As illustrated in FIG. 4, the heating element 10 is cast with the pan 19 so that the

ends

12, 13 of the tube 11 are exposed within the compartment defined by the housing 23 so that the

ends

15, 16 of the electrical wire 14 can be accessed by the

leads

30, 31.

Referring to FIG. 4, the underside of the pan 19 is also provided with a pair of cast on posts 34 at the corners of the pan 19 adjacent the housing 23 that are of shorter extent than the posts 22 about which the pan 19 may pivot when sufficient water is in the cavity of the pan 19.

When placed on a flat support surface, the pan 19 is supported at three points, namely by the two intermediately disposed posts 22 and the plunger 26 of the switch 25. The posts 22 and the plunger 26 define a triangular array on the underside of the pan 19 for supporting the pan 19 on the flat surface.

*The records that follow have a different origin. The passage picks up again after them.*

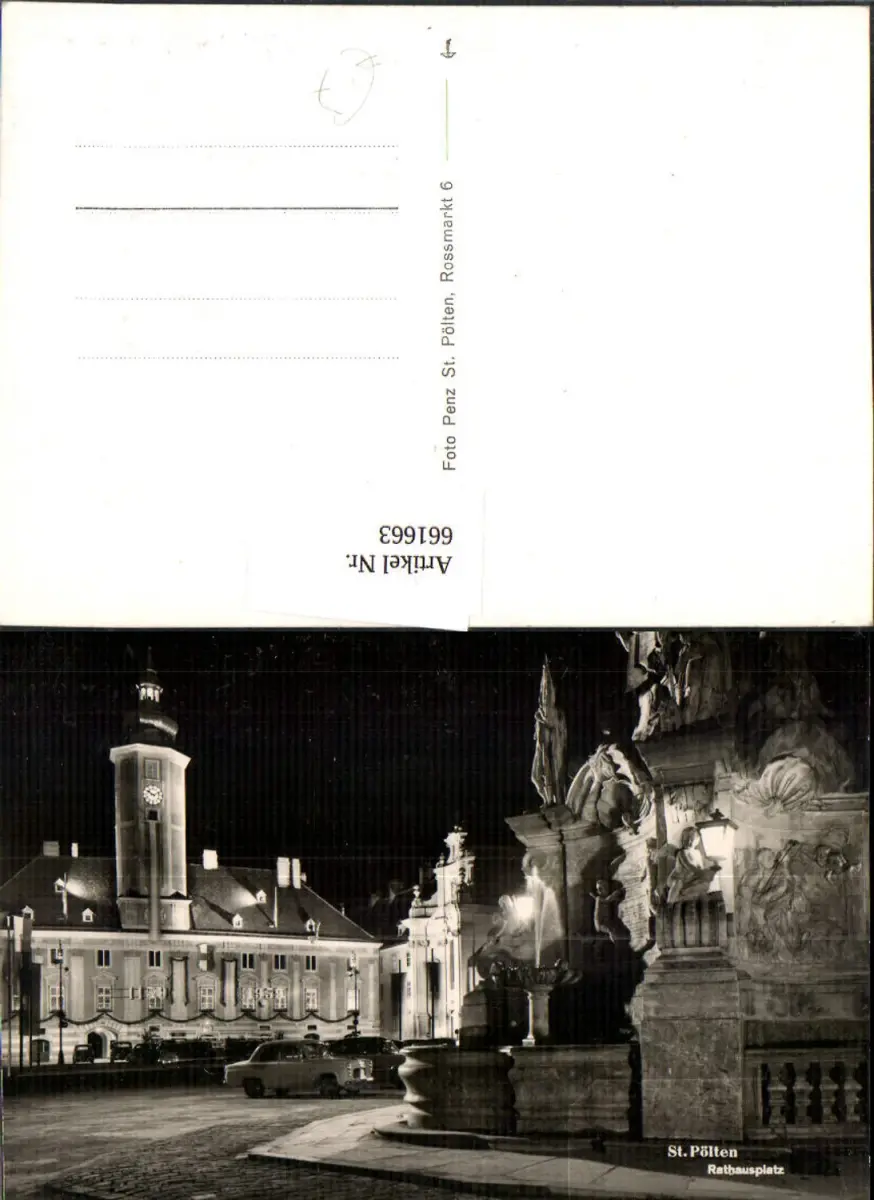 661663,Foto Ak St Pölten Rathausplatz b. Nacht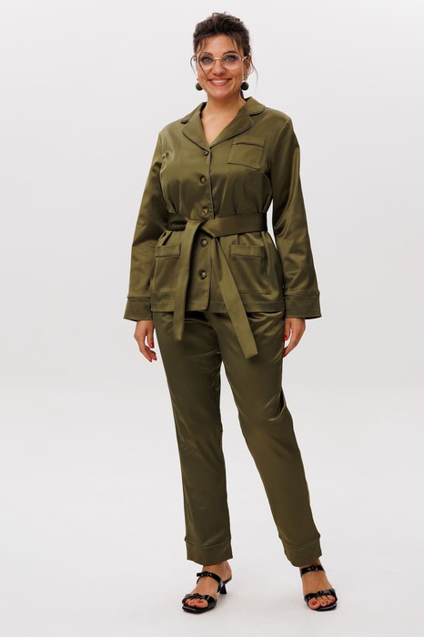 Функциональность сочетается с изяществом: блуза дополнена накладными карманами с фигурной обработкой кантом, а брюки — удобными врезными карманами. Съёмный пояс, завязывающийся на талии, позволяет подчеркнуть линию силуэта, добавляя ноту женственности.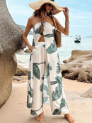 Breezaya Conjunto De Duas Peças Com Top Halter De Fenda Alta E Calça Boca Larga Com Cintura Elástica Com Estampa De Planta Tropical Para Primavera E Verão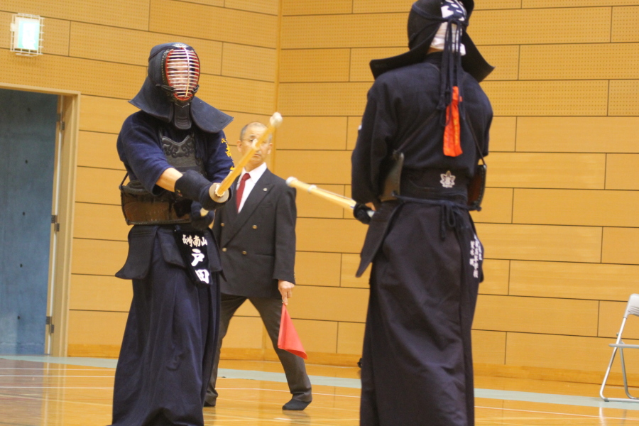 男子団体は22校がトーナメント戦で競い合いました。昨年3月島原高校が全国選抜剣道大会で優勝して全国連覇を目指して臨んだ長崎県予選でしたが、準決勝戦で長崎南山高校と対戦し、1勝1敗大将同士の代表戦となり、戸田直人選手(長崎南山)が渾身の飛び込みメンを荒木瑛選手(島原)に決め、長崎南山高校が決勝戦に進出しました。決勝戦は長崎南山高校と海星高校が対戦し、先鋒の馬場仁亜選手(長崎南山)がメンの2本勝ちで勢いをつけ、4-1で優勝を飾りました。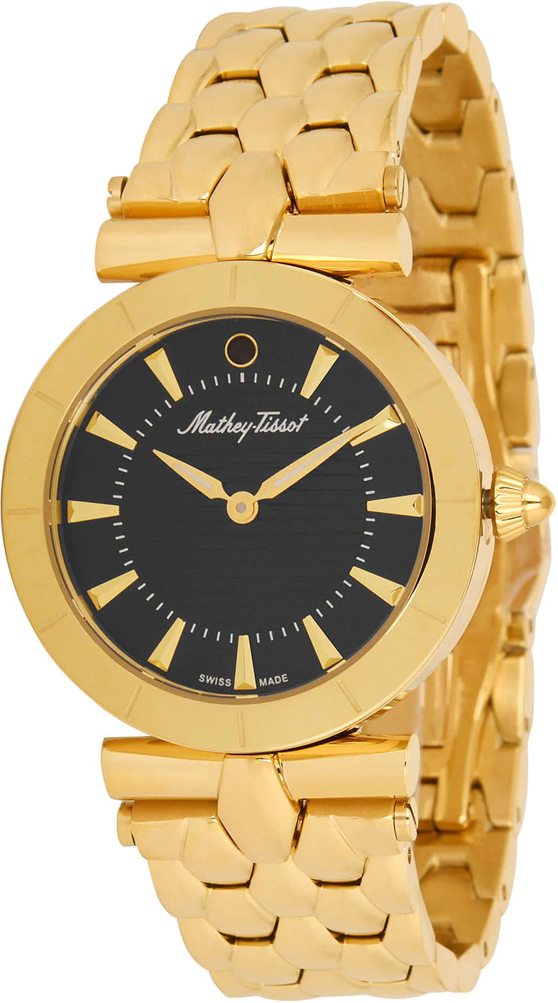 Женские кварцевые часы Mathey-Tissot Tarta D106PN — это стильное сочетание элегантности и современного дизайна. Изящный корпус выполнен из нержавеющей стали с PVD-покрытиемPVDУльтратонкое покрытие наносится в технике вакуумного напыления, сочетает в себе нитрид титана особой прочности со слоем золота или оксида хрома. Несёт в себе декоративную или защитную функцию. золотистого цвета, диаметром 34 мм и толщиной 8 мм, что придаст образу женственности и романтизма. Изысканный циферблат с метками в виде штрихов придает модели особый блеск. Циферблат защищен минеральным стекломМинеральное стеклоМинеральное стекло представляет собой искусственно выращенный минерал кварца. Такое стекло отличается особой устойчивостью к повреждениям и царапинам. Уступает по некоторым качествам сапфировому стеклу., обеспечивающий устойчивость к царапинам. Стрелки с люминесцентным покрытиемЛюминесцентное покрытиеПозволяет считывать показания времени в темноте. Производители наносят на стрелки, часовые индексы, безель или поверхность циферблата светонакопительный состав, дающий холодное свечение.. Часы оснащены надежным кварцевым механизмом. Стальной браслет с PVD-покрытиемPVDУльтратонкое покрытие наносится в технике вакуумного напыления, сочетает в себе нитрид титана особой прочности со слоем золота или оксида хрома. Несёт в себе декоративную или защитную функцию. на застёжке-бабочке с кнопкамиЗастёжка "бабочка"Такой вид застёжки дополняется предохранителями, помогающими избежать случайного раскрытия браслета. Обладают изящным исполнением. , гарантирует комфортное и безопасное ношение. Класс водозащиты: 50 метров позволит защитить корпус от случайных брызг или капель дождя. Mathey-Tissot  — отличный выбор для тех, кто ценит утонченность и качество.

The plunger 26 of the switch 25 is spring loaded by a spring (not shown) that has a spring constant which is sufficient to hold the pan 19 in the horizontal position on a flat surface when the pan 19 is empty but insufficient to prevent the pan 19 from pivoting under the added weight of a predetermined amount of condensate in the pan 19 about the fulcrum provided by the two posts 22.

As condensate begins to fill the cavity of the pan 19, the weight of the condensate causes the plunger 26 to begin to depress towards an actuation point thereby allowing the pan 19 to pivot about the two posts 22 in the direction of the end of the pan 19 in which the plunger 26 is located. As the weight of the water increases, the amount of retraction of the plunger 26 into the switch 25 increases.

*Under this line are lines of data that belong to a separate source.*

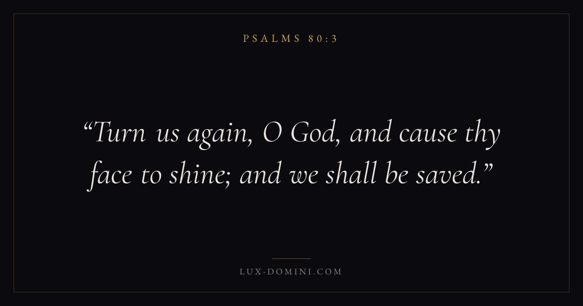 Books / Psalms / Chapter 80 / Verse 3 ← Psalms 80:2 Psalms 80:3 Psalms 80:4 → Turn us again, O God, and cause thy face to shine; and we shall be saved. Download verse card Share on Twitter Share on Facebook Pin it ✦ Key themes LoveFaithPrayerJustice and mercyPraise Read with John 3:161 Corinthians 13:4Hebrews 11:1Romans 10:17 Related topics Bible verses about loveBible verses about faithBible verses about prayerBible verses about justice and mercyBible verses about thankfulness and gratitude ✦ Psalms Chapter 80 verses V. 1 V. 2 V. 3 V. 4 V. 5 V. 6 V. 7 V. 8 V. 9 V. 10 V. 11 V. 12 V. 13 V. 14 V. 15 V. 16 V. 17 V. 18 V. 19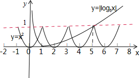 已知最小正周期为2的函数y=f(x),当x∈[- 难度:一般 题型:填空题 来源:不详 2023-10-01 05:00:02 题目 已知最小正周期为2的函数y=f(x),当x∈[-1,1]时,f(x)=x2,则函数y=f(x)(x∈R)的图象与y=|log5x|的图象的交点个数为______. 答案 当x∈[-1,1]时,f(x)=x2,∴f(x)∈[0,1];又函数y=f(x)是最小正周期为2的函数,当x∈R时,f(x)∈[0,1].y=|log5x|的图象即把函数y=log5x的图象在x轴下方的对称的反折到x轴的上方,且x∈(0,1]时,函数单调递减,y∈[0,+∞);x∈(1,+∞)时,函数y=log5x单调递增,y∈(0,+∞),且log55=1.据以上画出图象如图所示:根据以上结论即可得到:函数y=f(x)(x∈R)的图象与y=|log5x|的图象的交点个数为5.故答案为5. 解析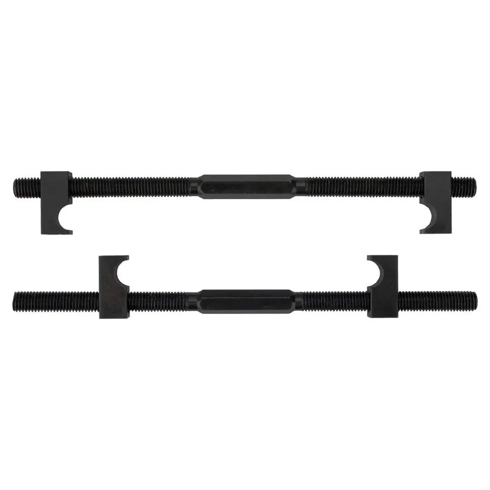 Изготовлены из прочной стали, устойчивой к высоким нагрузкам и износу. Однозахватная конструкция обеспечивает надёжную фиксацию пружины и снижает риск её соскальзывания во время работы. Длина 300 мм позволяет работать с большинством типов пружин легковых автомобилей, включая труднодоступные места. Комплект поставляется в удобной упаковке для хранения и транспортировки.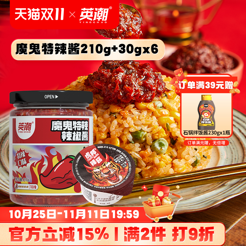 -> 英潮魔鬼特辣酱虎邦牛肉辣酱下饭菜香菇蒜蓉拌饭面辣椒酱料2瓶装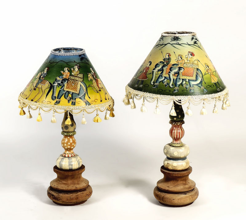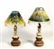 COPPIA DI TORCIERE IN LEGNO TENERO - A PAIR OF SOFTWOOD TABLE LAMPS dipinte nei toni pastello, montate a lume, con paralumi di gusto orientale h cm 34, h cm 37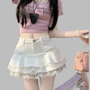 Gonna Bianca in Stile Jirai Kei con Balza di Pizzo in Denim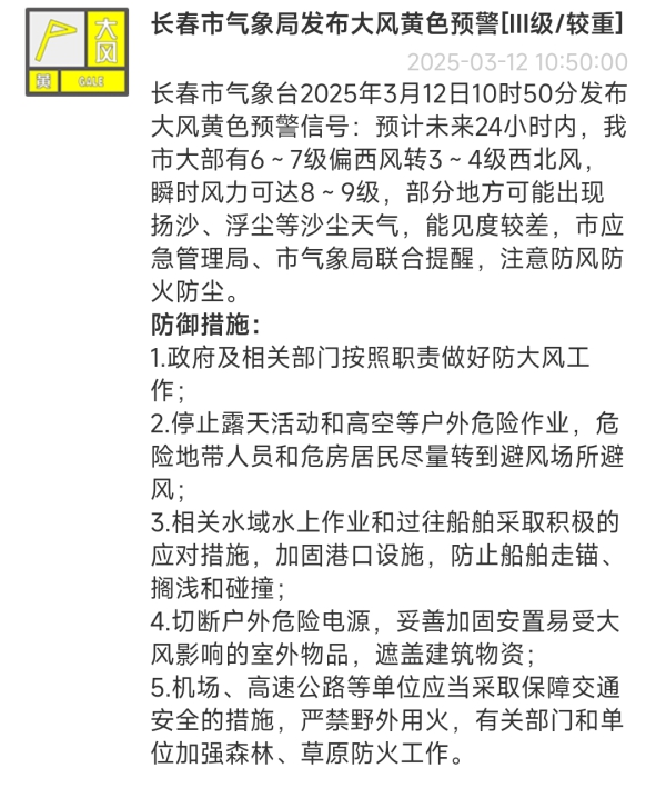 长春市气象台2025年3月12日10时50分发布大风黄色预警信号:预计未来24小时内,长春市大部有6~7级偏西风转3~4级西北风,瞬时风力可达8~9级,部分地方可能出现扬沙、浮尘等沙尘天气,能见度较差,市应急管理局、市气象局联合提醒,注意防风防火防尘。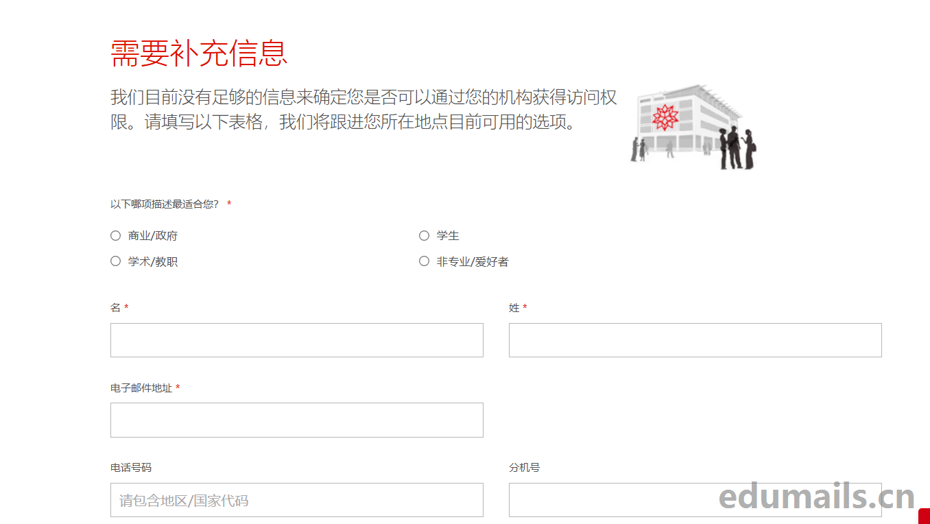 需要补充信息,我们目前没有足够的信息来确定您是否可以通过您的机构获得访问权限。请填写以下表格,我们将跟进您所在地点目前可用的选项。

Once the plunger 26 has retracted to an actuation point, the switch 25 closes and power is delivered to the heating element 10 causing the heating element 10 to heat the pan 19 and, thus, the condensate within the pan 19.

As the condensate evaporates from the pan 19, the weight of water within the pan 19 begins to decrease thereby allowing the pan to pivot under the force of the spring on the plunger 26 of the switch 25. At some point, the plunger 26 is extended from the switch 25 an amount sufficient to cause the switch 25 to “open” and, thus, interrupt the power supply to the heating element 10.

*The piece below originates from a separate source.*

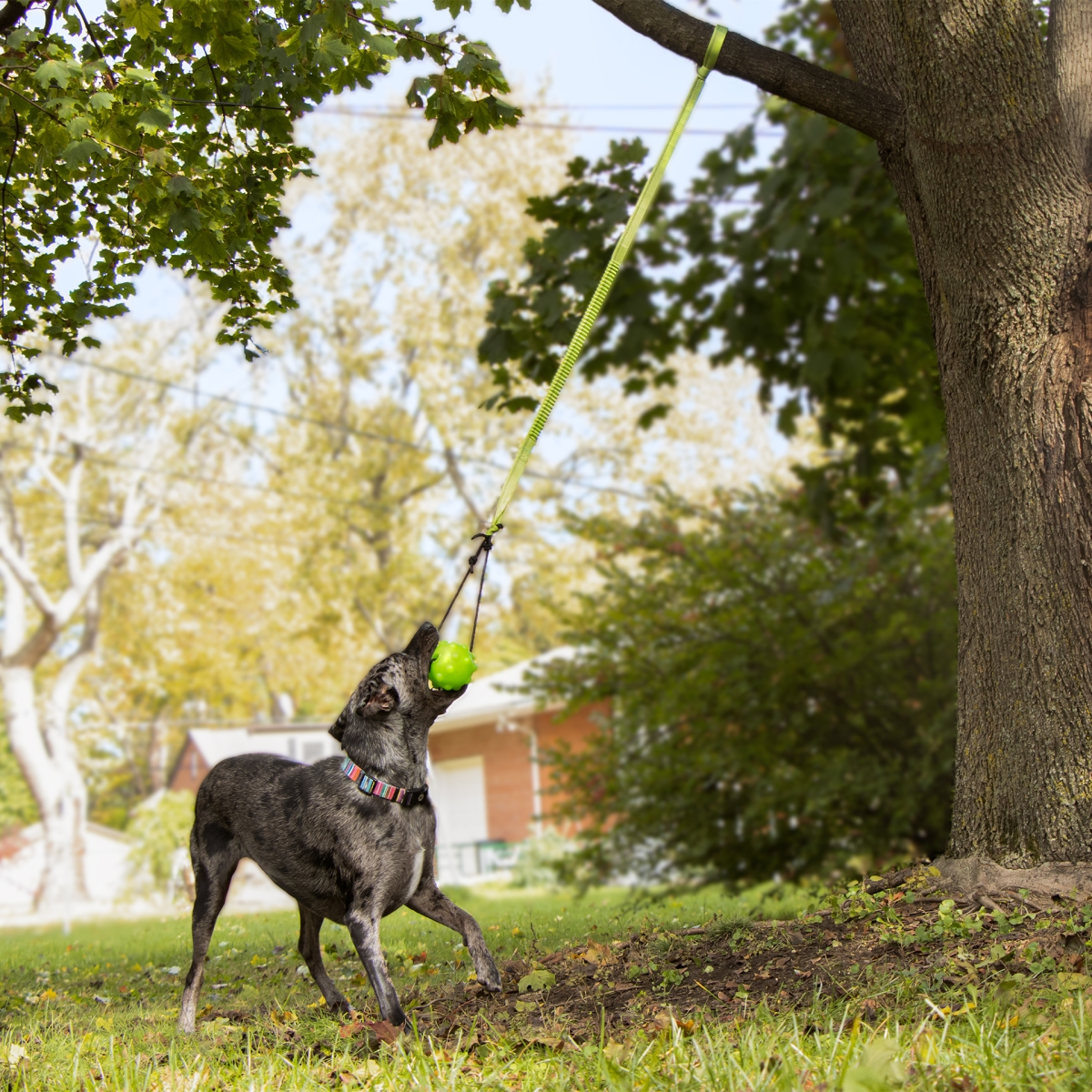 Maak kennis met de nieuwe beste vriend van je hond om alleen mee te spelen! Gooi deze interactieve bungee over een boomtak of een terras op de tweede verdieping en zie hem urenlang springen, gooien en trekken aan de Tree Tugger โ„ข! De Tree Tugger โ„ข simuleert perfect een spelletje touwtrekken voor honden van elke grootte door het meegeleverde Jolly Jumperโ„ข-speeltje te gebruiken of het favoriete speeltje van je pup eraan te bevestigen. De Tree Tugger โ„ข is geweldig voor stevige kauwers, omdat je de hoogte kunt aanpassen zodat je pup niet constant op het speeltje kan zitten kauwen.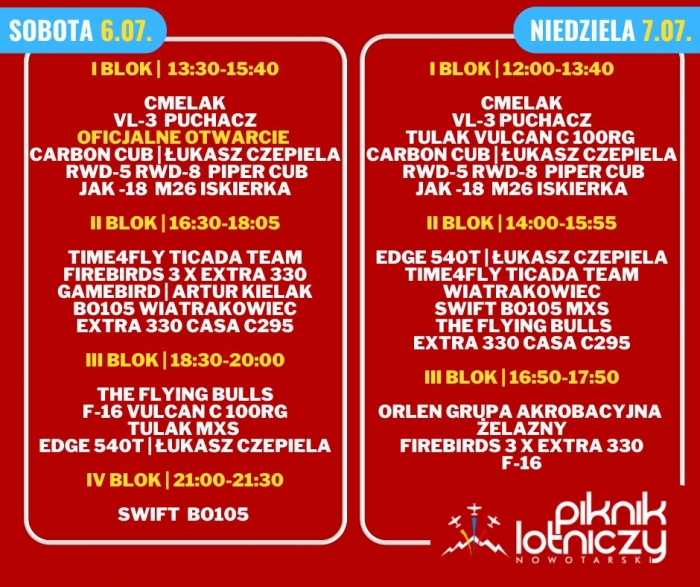 W tym roku, w dniach 6-7 lipca br. na terenie lotniska Aeroklubu Nowy Targ, odbędzie się już XIII edycja tego wydarzenia. Dzięki partnerowi strategicznemu – Marszałkowi Województwa Małopolskiego oraz przy wsparciu sponsorów głównych takich jak Miastio Nowy Targ, Grupa Autoremo, Termy Bukovina i PCD Salami na podhalańskim niebie będziemy podziwiać grupy akrobacyjne i formacje, wśród których znajdą się Orlen Grupa Akrobacyjna Żelazny, The Flying Bulls, FireBirds czy piloci Piper Cub. Niebywałą atrakcją będzie także przelot myśliwca F-16.Gwiazdą pokazów będzie Łukasz Czepiela, który zaprezentuje się w samolocie Edge 540 i Carbon Cub oraz Artur Kielak w swoim GameBird GB1. Przy tej wspaniałej dwójce nie mogło zabraknąć także Mariusza Szarawary za sterami Extra 330.Oprócz nich zobaczymy podczas pokazów w locie: Bolkow Bo-105, Vulcan C100RG, VL-3, PZL M26, RWD 5R, Robinson R-44, Casa C295, RWD 5R, RWD-8, TIME4FLY TICADA TEAM, Wiatrakowiec Magni Gyro M-16, Cmelak, MX2, Jak-18, Swift, Bushcat, Tulak, SZD Puchacz – akrobacja.

The invention thus provides a condensate evaporator that can be economically manufactured and one that requires a minimum of parts.

Claims

What is claimed is:

1. A condensate evaporator for refrigeration apparatus comprising:

a pan having a floor, upstanding walls extending from said floor to define a cavity for receiving condensate therein and a first pair of posts on an underside of said floor for pivoting of said pan on a surface about a horizontal axis passing through said posts towards one end of said pan under the weight of condensate in said cavity;

a heating element integral with said floor for heating condensate in said cavity to a point of evaporation;

a plunger type push button switch mounted at said one end of said pan, said switch having a movably mounted plunger for movement between an extended position corresponding to a raised position of said end of said pan relative to said surface and a retracted position corresponding to a lowered position of said end of said pan relative to said surface; and

an electrical circuit electrically connecting said heating element and said switch to an electrical supply whereby electrical power is supplied to said heating element with said plunger in said retracted position thereof and electrical supply is interrupted to said heating element with said plunger in said extended position thereof.

2. The condensate evaporator as set forth in claim 1 further comprising a second pair of posts on said underside of said pan, each said post of said second pair of posts being disposed at a corner of said pan and being of shorter length than said first pair of posts.

3. The condensate evaporator as set forth in claim 2 wherein said heating element includes a U-shaped copper tube within said floor of said pan and an electrically conductive wire extending through said tube and having each end thereof extending from said pan and connected to said electrical circuit.

4. The condensate evaporator as set forth in claim 3 wherein said wire is coiled within said tube.